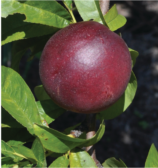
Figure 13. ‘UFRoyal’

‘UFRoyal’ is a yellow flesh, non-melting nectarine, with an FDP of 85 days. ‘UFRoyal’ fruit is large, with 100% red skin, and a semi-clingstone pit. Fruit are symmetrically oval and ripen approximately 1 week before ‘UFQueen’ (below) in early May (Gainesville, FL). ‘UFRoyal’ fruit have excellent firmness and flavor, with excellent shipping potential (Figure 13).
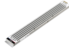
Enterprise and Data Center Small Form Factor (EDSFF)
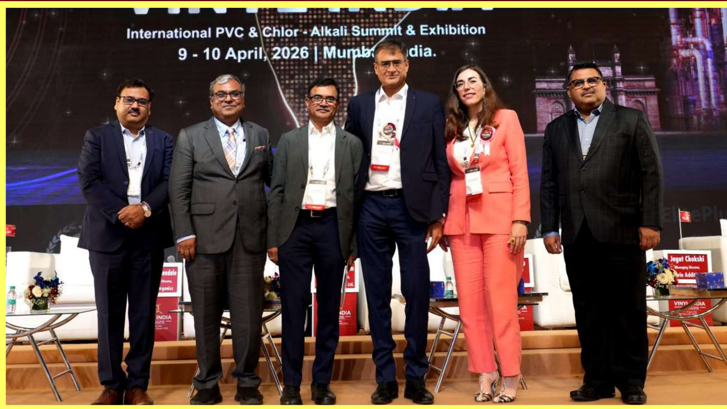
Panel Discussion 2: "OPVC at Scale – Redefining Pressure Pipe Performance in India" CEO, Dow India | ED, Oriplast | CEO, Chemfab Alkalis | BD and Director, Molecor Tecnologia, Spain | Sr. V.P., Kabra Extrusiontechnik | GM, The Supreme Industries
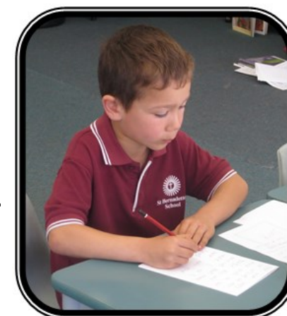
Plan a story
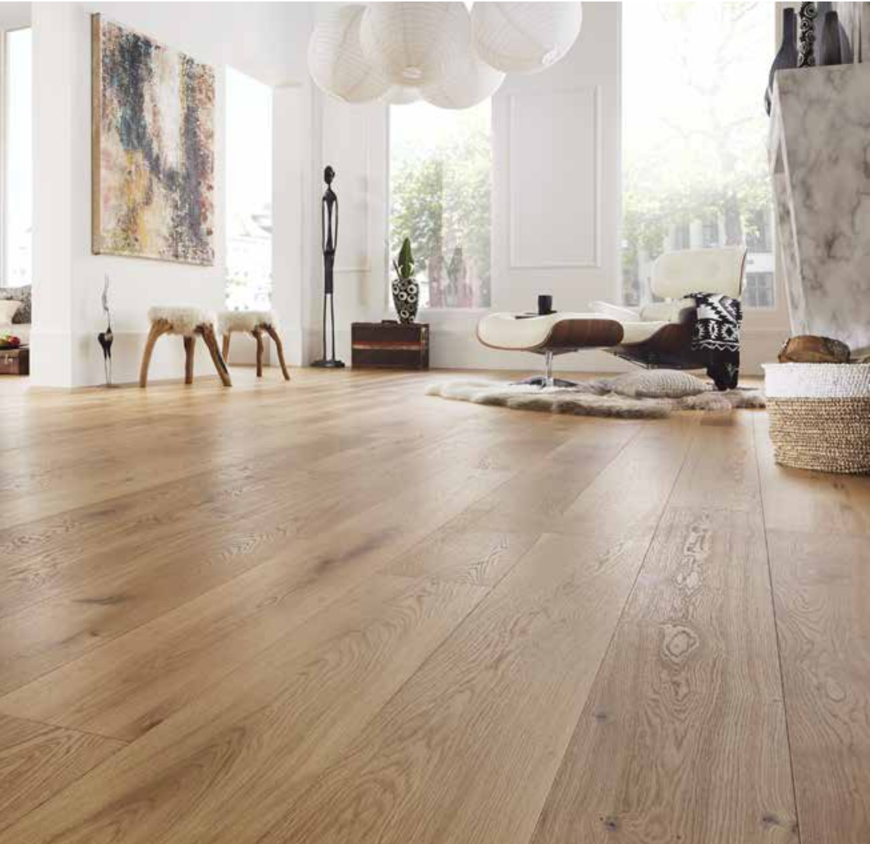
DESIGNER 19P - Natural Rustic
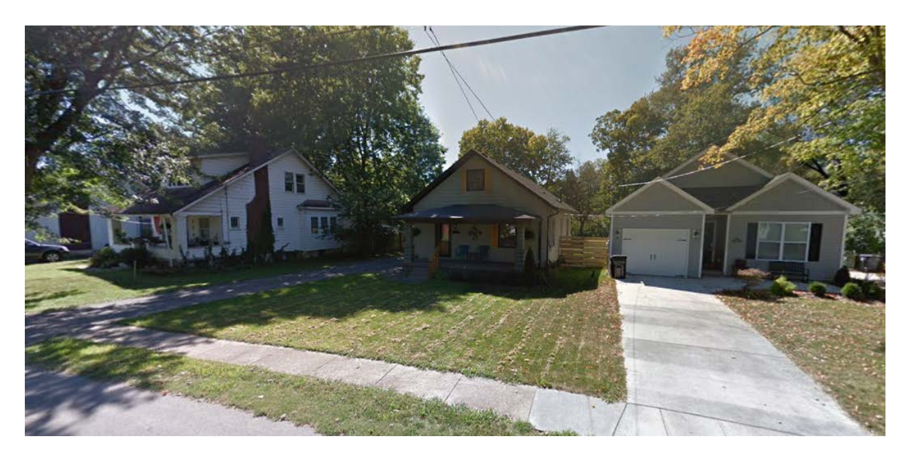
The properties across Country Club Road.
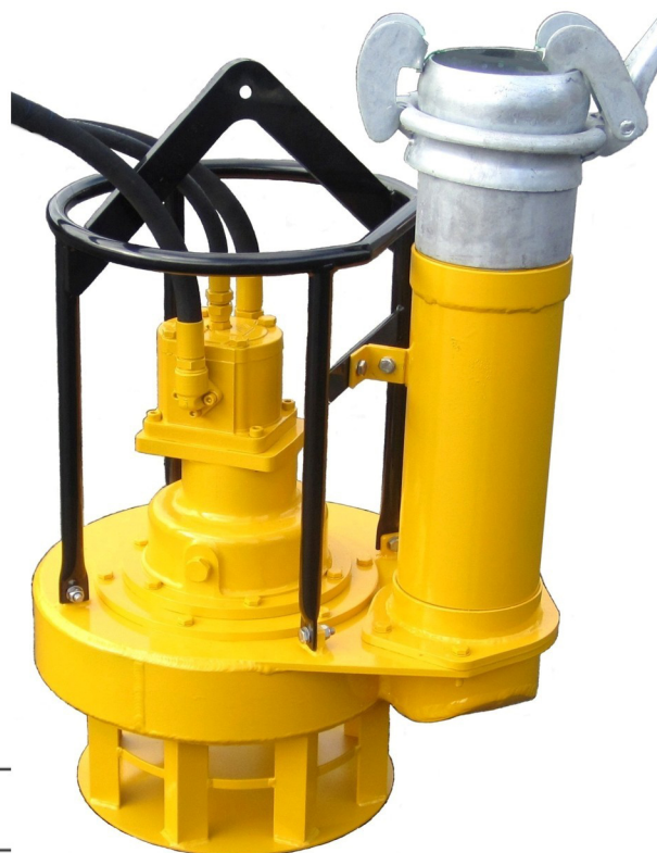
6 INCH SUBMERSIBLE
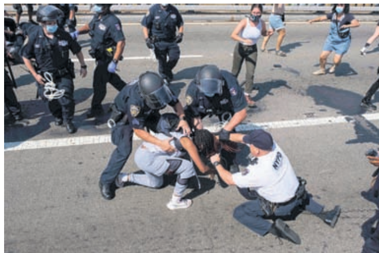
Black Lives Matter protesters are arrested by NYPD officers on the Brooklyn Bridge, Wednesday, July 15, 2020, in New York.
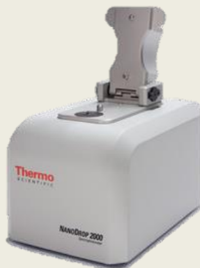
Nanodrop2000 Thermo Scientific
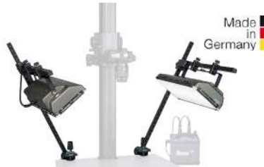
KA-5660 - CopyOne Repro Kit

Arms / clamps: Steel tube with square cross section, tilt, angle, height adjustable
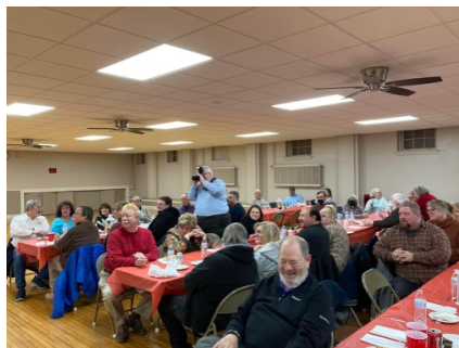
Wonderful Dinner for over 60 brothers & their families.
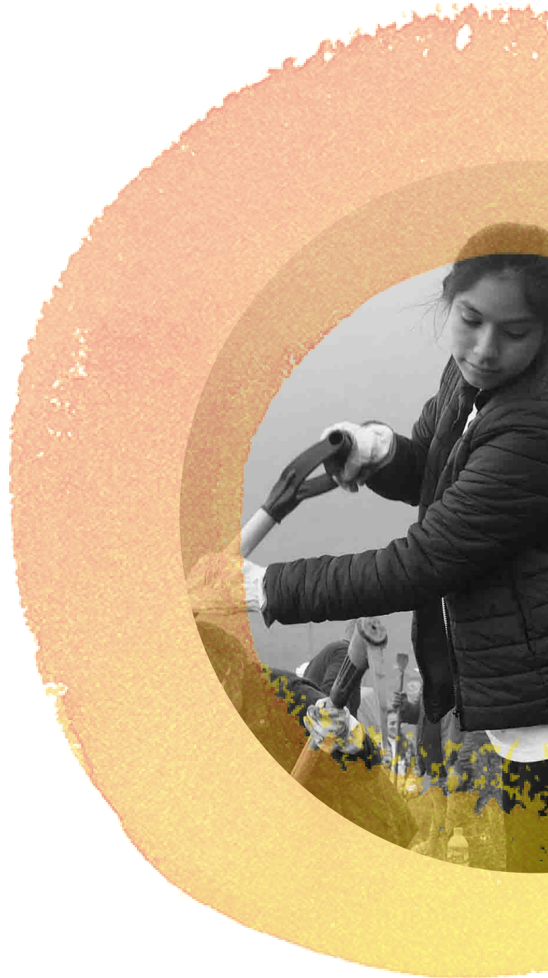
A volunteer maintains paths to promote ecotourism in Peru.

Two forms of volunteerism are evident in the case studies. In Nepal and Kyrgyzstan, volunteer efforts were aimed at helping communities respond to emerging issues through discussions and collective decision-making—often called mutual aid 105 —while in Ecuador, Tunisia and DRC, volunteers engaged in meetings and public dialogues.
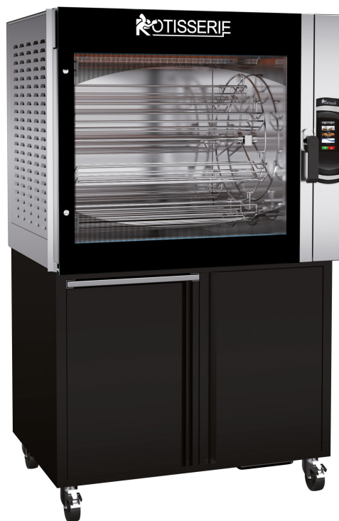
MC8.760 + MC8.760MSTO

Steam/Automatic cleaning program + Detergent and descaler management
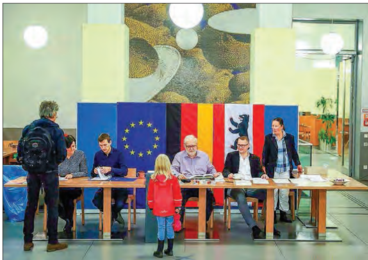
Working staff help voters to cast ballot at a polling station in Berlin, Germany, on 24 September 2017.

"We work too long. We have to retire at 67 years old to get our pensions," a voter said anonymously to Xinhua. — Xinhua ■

● EXERCISE BRIEF
The reply should hold exactly the lines above, starting at the line with "potential (Figure 13)." and ending at the line with "Enterprise and Data", and no pictures.

● RESULT FOR THIS EXERCISE
‘UFRoyal’ is a yellow flesh, non-melting nectarine, with an FDP of 85 days. ‘UFRoyal’ fruit is large, with 100% red skin, and a semi-clingstone pit. Fruit are symmetrically oval and ripen approximately 1 week before ‘UFQueen’ (below) in early May (Gainesville, FL). ‘UFRoyal’ fruit have excellent firmness and flavor, with excellent shipping potential (Figure 13).
Enterprise and Data Center Small Form Factor (EDSFF)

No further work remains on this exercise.